Northwest Austin Municipal Utility District Number One v. Holder, 129 S. Ct. 2504; 174 L. Ed. 2d 140; 2009 U.S. LEXIS 4539 (2009)

Northwest Austin Municipal Utility District Number One v. Holder, 129 S. Ct. 2504; 174 L. Ed. 2d 140; 2009 U.S. LEXIS 4539 (2009)

Facts—A small utility district with an elected board in Texas was required by Section 5 of the Voting Rights Act of 1965 to get federal preclearance before it could change its elections. A U.S. District Court rejected claims that the utility should be eligible to bypass this provision under the “bailout” provision in Section 4(a) of the Act or that Section 5 was unconstitutional. The district sued Attorney General Holder.

Questions—a) Is the utility district eligible for the bailout provision? b) Is the preclearance provision of the Voting Rights Act justified under Section 2 (the enforcement provision) of the Fifteenth Amendment?

Decisions—a) Yes; b) Issue avoided.

Reasons—C.J. Roberts (8 ½ to ½). Roberts largely confines his opinion to statutory construction. Deciding that the district is eligible to pursue the bailout option, he decided not to reach the constitutional question. Roberts did observe that Section 5 of the Voting Rights Act was intended to be temporary, and that the original act of 1965 had been extended to the year 2031. Many of the problems it sought to address had been so addressed. Section 5 had gone beyond the prohibitions of the Fifteenth Amendment, and the data on which it had been based was now dated. Both the “Act’s preclearance requirements and its coverage formula raise serious constitutional questions.” Although the Court should not “shrink” from its duty, it is proper to decide a case on statutory grounds where the Court can avoid constitutional issues, and past definitions of “political subdivisions” allowed the utility district, and other state subdivisions, to apply for an exemption.

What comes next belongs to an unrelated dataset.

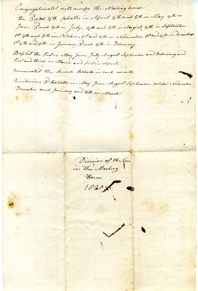 These documents relate to the division of the Meetinghouse between the various denominations.
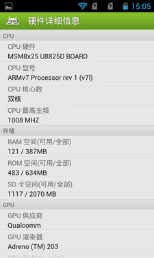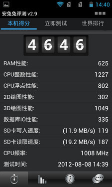 在目前最流行的的安兔兔的测试中,我们看到MSM8225手机的最终成绩较其它两款处理器手机低了不少。即使去除这款测试机在RAM、IO方面可能存在的差距,单看CPU的性能得分也依然比另外两款略低。

J. Thomas concurred in the judgment but, absent assurance that the utility district would actually receive a bailout, would have held that Section 5 exceeded congressional authority to enforce the Fifteenth Amendment. States had primary authority to structure their electoral systems. The exceptional circumstances that gave rise to Section 5 no longer existed and cannot be justified where evidence of intentional discrimination is lacking. “Punishment for long past sins is not a legitimate basis for imposing a forward-looking preventative measure that has already served its purpose.”